_Task prompt_
The material below holds the lines to copy: from the one with "雖然它的三管血挺唬人,但其實" up to and including the one with "Acaciavezel, Nattokinase poeder". Copy them exactly and skip the pictures.

_Input records_
Segment Open
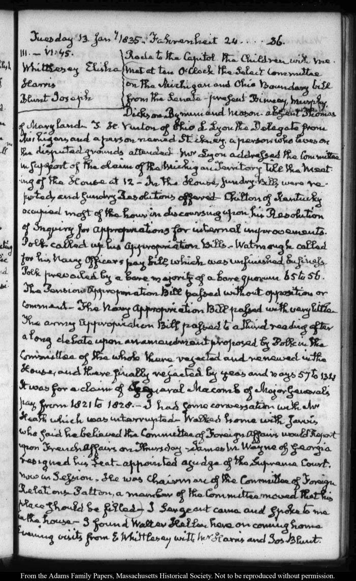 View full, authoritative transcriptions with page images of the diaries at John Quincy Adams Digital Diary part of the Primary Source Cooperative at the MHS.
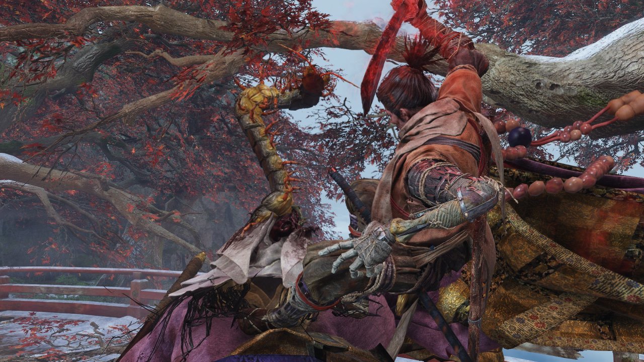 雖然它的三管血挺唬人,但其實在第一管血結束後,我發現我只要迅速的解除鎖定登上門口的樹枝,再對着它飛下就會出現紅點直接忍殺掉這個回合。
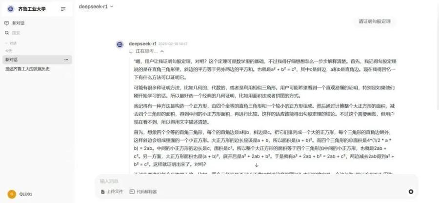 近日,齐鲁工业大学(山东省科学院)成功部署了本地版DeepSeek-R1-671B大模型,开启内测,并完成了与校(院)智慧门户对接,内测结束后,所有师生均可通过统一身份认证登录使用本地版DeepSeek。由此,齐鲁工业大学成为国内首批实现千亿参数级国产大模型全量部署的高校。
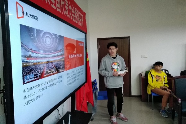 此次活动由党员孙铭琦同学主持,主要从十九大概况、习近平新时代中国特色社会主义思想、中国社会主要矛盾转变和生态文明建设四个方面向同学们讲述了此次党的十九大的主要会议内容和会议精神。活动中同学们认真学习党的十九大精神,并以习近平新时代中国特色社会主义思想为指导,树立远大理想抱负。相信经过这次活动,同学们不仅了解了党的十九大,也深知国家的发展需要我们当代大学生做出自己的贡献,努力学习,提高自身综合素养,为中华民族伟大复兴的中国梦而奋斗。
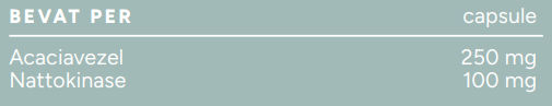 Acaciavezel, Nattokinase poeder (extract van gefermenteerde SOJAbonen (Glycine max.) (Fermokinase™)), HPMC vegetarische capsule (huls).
Segment Closed
Segment Open
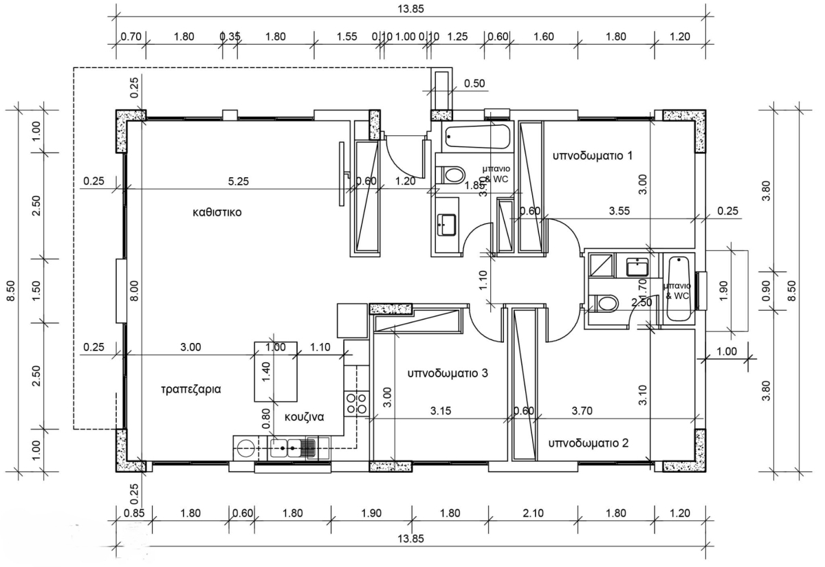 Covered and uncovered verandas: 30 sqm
Segment Closed
Segment Open
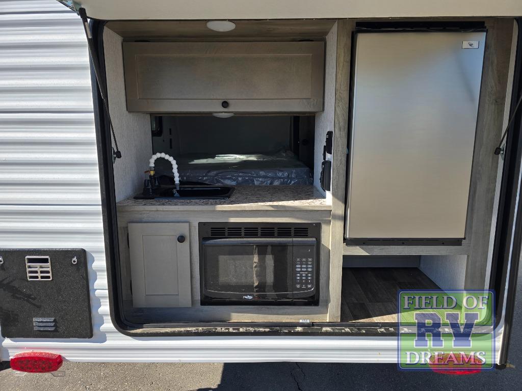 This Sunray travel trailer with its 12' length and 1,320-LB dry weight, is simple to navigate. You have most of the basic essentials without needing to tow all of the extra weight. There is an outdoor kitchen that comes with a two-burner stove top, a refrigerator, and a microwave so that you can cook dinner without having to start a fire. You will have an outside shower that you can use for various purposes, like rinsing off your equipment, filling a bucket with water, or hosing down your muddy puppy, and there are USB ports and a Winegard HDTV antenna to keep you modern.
Segment Closed
_Solved exercise_
 雖然它的三管血挺唬人,但其實在第一管血結束後,我發現我只要迅速的解除鎖定登上門口的樹枝,再對着它飛下就會出現紅點直接忍殺掉這個回合。
 近日,齐鲁工业大学(山东省科学院)成功部署了本地版DeepSeek-R1-671B大模型,开启内测,并完成了与校(院)智慧门户对接,内测结束后,所有师生均可通过统一身份认证登录使用本地版DeepSeek。由此,齐鲁工业大学成为国内首批实现千亿参数级国产大模型全量部署的高校。
 此次活动由党员孙铭琦同学主持,主要从十九大概况、习近平新时代中国特色社会主义思想、中国社会主要矛盾转变和生态文明建设四个方面向同学们讲述了此次党的十九大的主要会议内容和会议精神。活动中同学们认真学习党的十九大精神,并以习近平新时代中国特色社会主义思想为指导,树立远大理想抱负。相信经过这次活动,同学们不仅了解了党的十九大,也深知国家的发展需要我们当代大学生做出自己的贡献,努力学习,提高自身综合素养,为中华民族伟大复兴的中国梦而奋斗。
 Acaciavezel, Nattokinase poeder (extract van gefermenteerde SOJAbonen (Glycine max.) (Fermokinase™)), HPMC vegetarische capsule (huls).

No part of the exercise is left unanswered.